#### LISTED ENTRIES ####

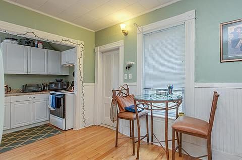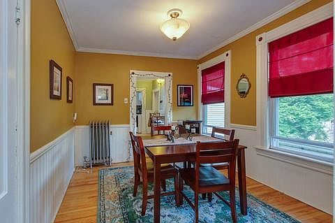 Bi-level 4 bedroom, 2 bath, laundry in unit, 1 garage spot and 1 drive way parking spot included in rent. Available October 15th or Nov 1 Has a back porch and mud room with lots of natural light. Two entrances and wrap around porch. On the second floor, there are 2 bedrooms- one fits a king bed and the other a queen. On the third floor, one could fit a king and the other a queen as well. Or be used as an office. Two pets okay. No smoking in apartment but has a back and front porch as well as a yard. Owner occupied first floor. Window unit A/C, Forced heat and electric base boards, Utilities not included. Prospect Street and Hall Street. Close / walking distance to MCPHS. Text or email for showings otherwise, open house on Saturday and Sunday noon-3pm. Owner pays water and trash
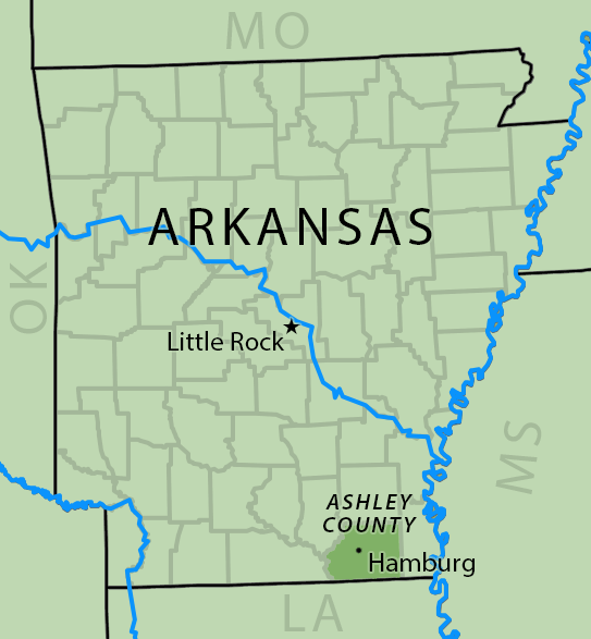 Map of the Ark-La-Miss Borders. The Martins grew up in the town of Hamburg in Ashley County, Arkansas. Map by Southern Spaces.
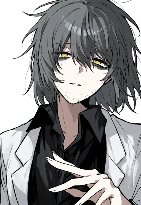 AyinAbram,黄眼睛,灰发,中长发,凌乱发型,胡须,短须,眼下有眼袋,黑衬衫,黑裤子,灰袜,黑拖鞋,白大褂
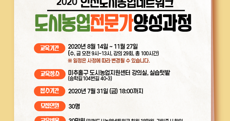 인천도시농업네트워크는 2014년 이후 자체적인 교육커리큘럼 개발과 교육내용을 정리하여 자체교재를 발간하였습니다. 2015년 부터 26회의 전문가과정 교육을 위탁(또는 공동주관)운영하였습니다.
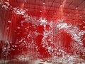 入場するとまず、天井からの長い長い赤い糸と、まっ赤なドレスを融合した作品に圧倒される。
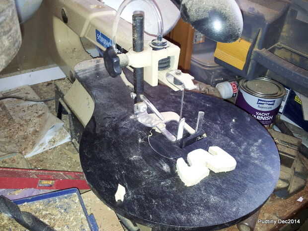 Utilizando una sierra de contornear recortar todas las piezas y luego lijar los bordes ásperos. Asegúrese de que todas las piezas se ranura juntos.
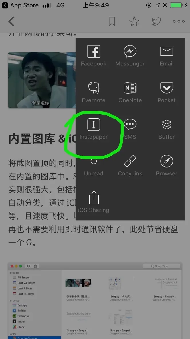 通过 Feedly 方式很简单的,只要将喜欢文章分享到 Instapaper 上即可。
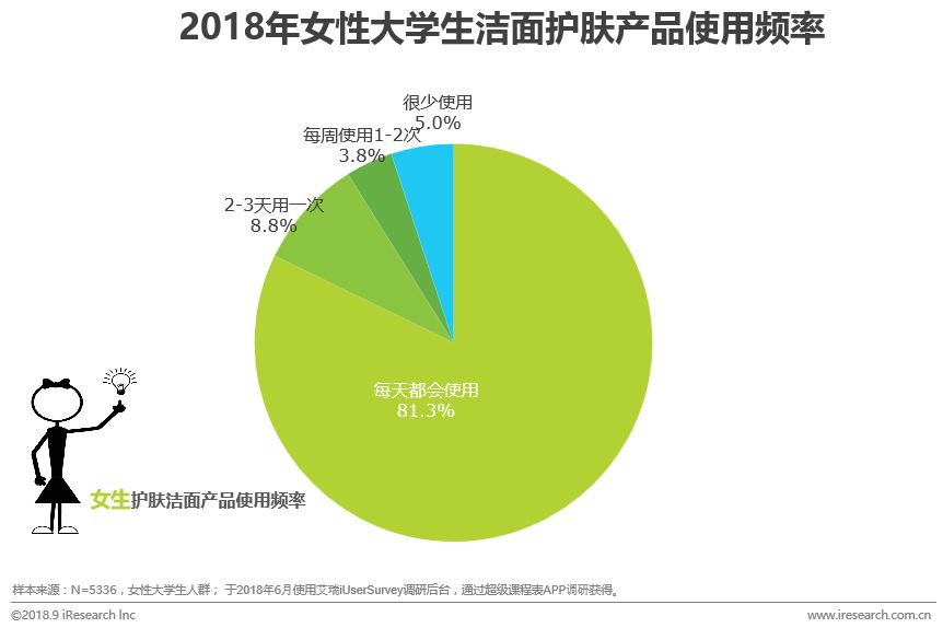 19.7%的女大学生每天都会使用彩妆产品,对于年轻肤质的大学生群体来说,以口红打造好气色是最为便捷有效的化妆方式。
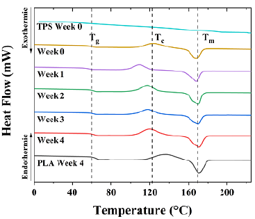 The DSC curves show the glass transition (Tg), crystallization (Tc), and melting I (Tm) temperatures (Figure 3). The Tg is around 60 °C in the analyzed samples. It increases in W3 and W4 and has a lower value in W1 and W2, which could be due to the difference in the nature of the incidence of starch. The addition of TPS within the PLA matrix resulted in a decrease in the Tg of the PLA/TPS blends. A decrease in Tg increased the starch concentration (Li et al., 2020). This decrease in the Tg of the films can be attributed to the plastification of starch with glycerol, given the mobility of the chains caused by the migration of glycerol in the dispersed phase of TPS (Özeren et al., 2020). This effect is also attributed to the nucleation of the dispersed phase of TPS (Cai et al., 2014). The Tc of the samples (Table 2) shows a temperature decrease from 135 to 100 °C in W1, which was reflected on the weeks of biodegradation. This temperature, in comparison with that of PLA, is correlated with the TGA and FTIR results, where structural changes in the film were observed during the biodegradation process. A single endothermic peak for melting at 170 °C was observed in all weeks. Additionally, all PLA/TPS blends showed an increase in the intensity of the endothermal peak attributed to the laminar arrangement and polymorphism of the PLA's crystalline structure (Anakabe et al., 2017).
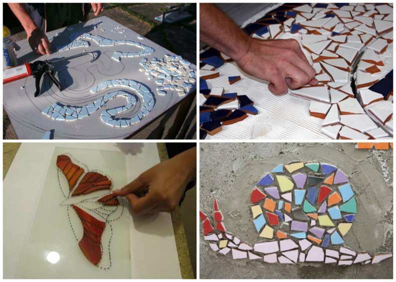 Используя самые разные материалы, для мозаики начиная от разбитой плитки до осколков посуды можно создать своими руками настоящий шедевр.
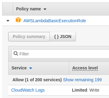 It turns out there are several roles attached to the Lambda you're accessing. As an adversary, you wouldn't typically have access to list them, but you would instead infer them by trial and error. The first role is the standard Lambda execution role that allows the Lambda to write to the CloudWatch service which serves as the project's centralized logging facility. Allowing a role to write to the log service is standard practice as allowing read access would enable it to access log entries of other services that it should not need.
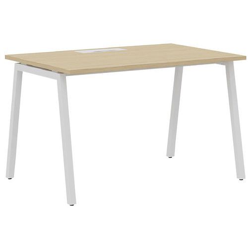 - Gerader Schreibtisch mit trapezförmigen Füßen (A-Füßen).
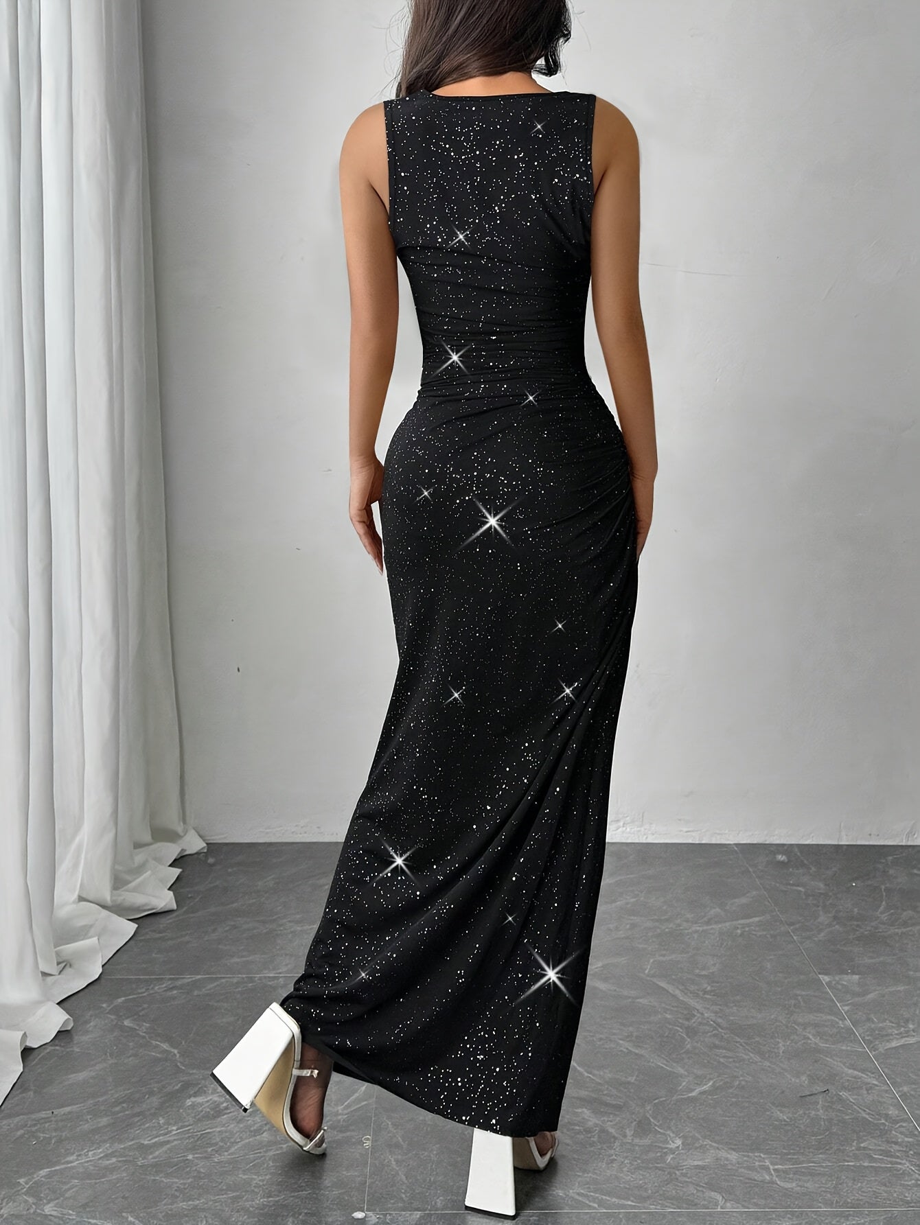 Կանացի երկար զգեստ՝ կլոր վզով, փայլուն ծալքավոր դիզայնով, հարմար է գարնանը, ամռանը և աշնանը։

####
#### LISTED ENTRIES ####

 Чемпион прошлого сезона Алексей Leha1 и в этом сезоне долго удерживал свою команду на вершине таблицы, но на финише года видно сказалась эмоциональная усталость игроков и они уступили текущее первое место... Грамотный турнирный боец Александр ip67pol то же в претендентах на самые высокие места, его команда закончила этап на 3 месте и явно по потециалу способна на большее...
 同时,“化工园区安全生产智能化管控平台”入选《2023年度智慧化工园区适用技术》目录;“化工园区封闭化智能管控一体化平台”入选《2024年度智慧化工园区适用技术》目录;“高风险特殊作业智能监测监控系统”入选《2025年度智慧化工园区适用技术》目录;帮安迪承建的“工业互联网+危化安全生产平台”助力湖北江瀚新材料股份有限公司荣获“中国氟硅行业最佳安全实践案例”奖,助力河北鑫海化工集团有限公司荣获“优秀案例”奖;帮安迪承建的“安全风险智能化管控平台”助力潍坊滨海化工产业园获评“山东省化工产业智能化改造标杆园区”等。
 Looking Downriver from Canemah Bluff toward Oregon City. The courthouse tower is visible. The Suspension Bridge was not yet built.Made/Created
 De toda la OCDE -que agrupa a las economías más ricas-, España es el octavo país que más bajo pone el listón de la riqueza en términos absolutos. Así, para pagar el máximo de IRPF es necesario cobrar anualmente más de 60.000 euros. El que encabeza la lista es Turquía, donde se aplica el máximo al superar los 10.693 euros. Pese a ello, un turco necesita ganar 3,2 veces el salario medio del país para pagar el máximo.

####
#### LISTED ENTRIES ####

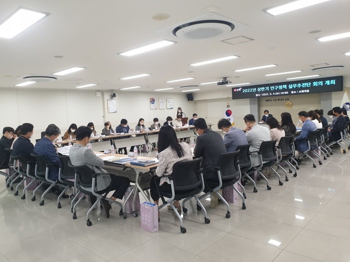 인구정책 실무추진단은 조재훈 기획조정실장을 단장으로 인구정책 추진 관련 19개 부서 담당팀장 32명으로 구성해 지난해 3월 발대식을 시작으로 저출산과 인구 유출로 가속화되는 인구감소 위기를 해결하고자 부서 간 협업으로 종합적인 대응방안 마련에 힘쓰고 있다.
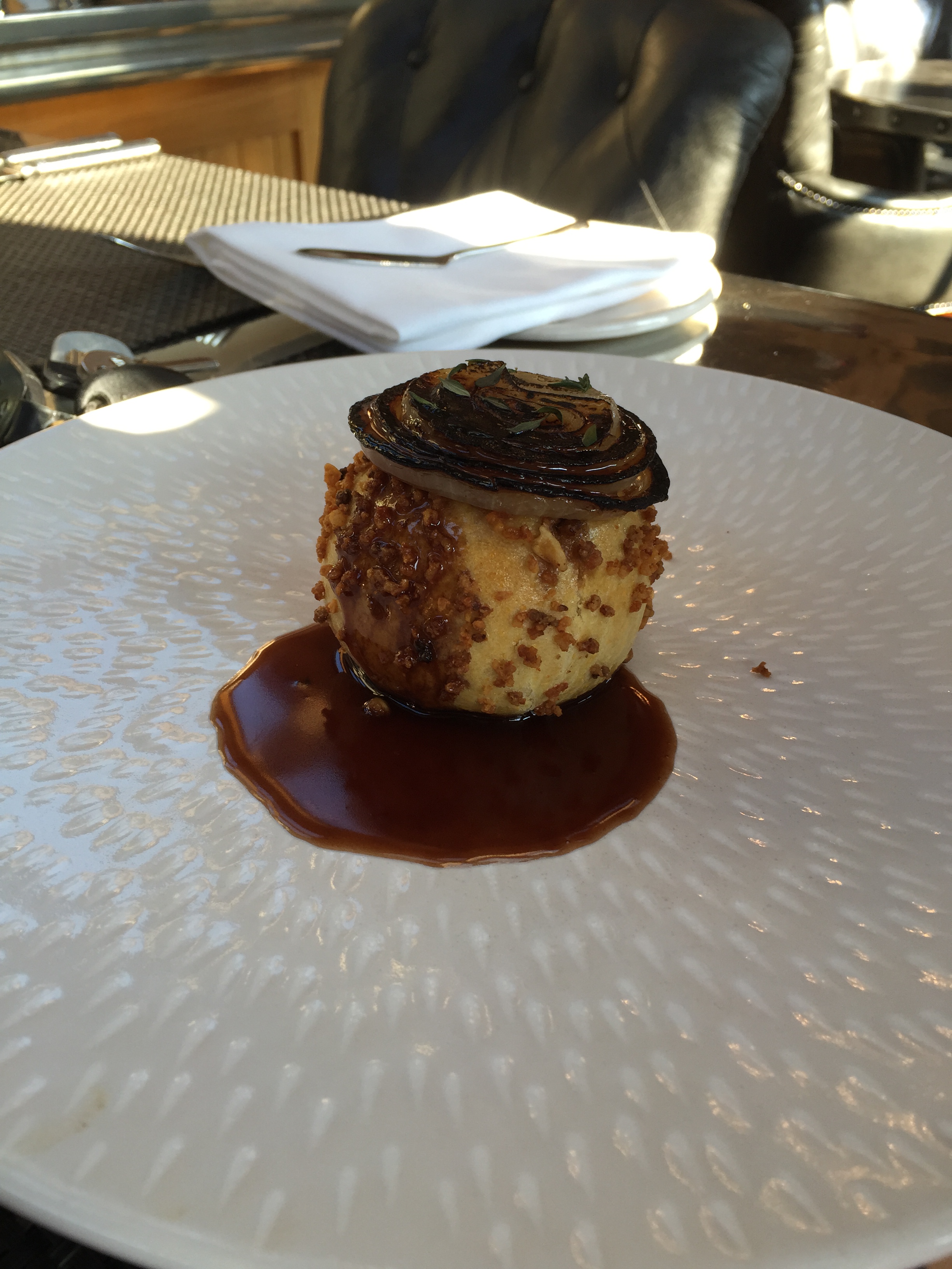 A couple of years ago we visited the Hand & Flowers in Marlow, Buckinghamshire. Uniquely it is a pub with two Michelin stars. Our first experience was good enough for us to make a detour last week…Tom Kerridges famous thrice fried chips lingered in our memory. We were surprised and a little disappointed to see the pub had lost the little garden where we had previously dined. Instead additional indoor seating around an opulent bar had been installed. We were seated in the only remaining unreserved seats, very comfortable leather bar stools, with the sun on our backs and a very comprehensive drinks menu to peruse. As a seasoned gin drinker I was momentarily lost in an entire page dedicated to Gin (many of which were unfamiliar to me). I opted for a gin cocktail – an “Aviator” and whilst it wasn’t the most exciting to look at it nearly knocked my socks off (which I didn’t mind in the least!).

####

▶ _WHAT YOU WILL DO_
Output exactly the lines above that lie between the line with "通过 Feedly 方式很简单的,只要将喜欢文章分享到 Instapaper 上即可。" and the line with "19.7%的女大学生每天都会", those two lines included, and no pictures.

▶ _WRITTEN REPLY_
 通过 Feedly 方式很简单的,只要将喜欢文章分享到 Instapaper 上即可。
 19.7%的女大学生每天都会使用彩妆产品,对于年轻肤质的大学生群体来说,以口红打造好气色是最为便捷有效的化妆方式。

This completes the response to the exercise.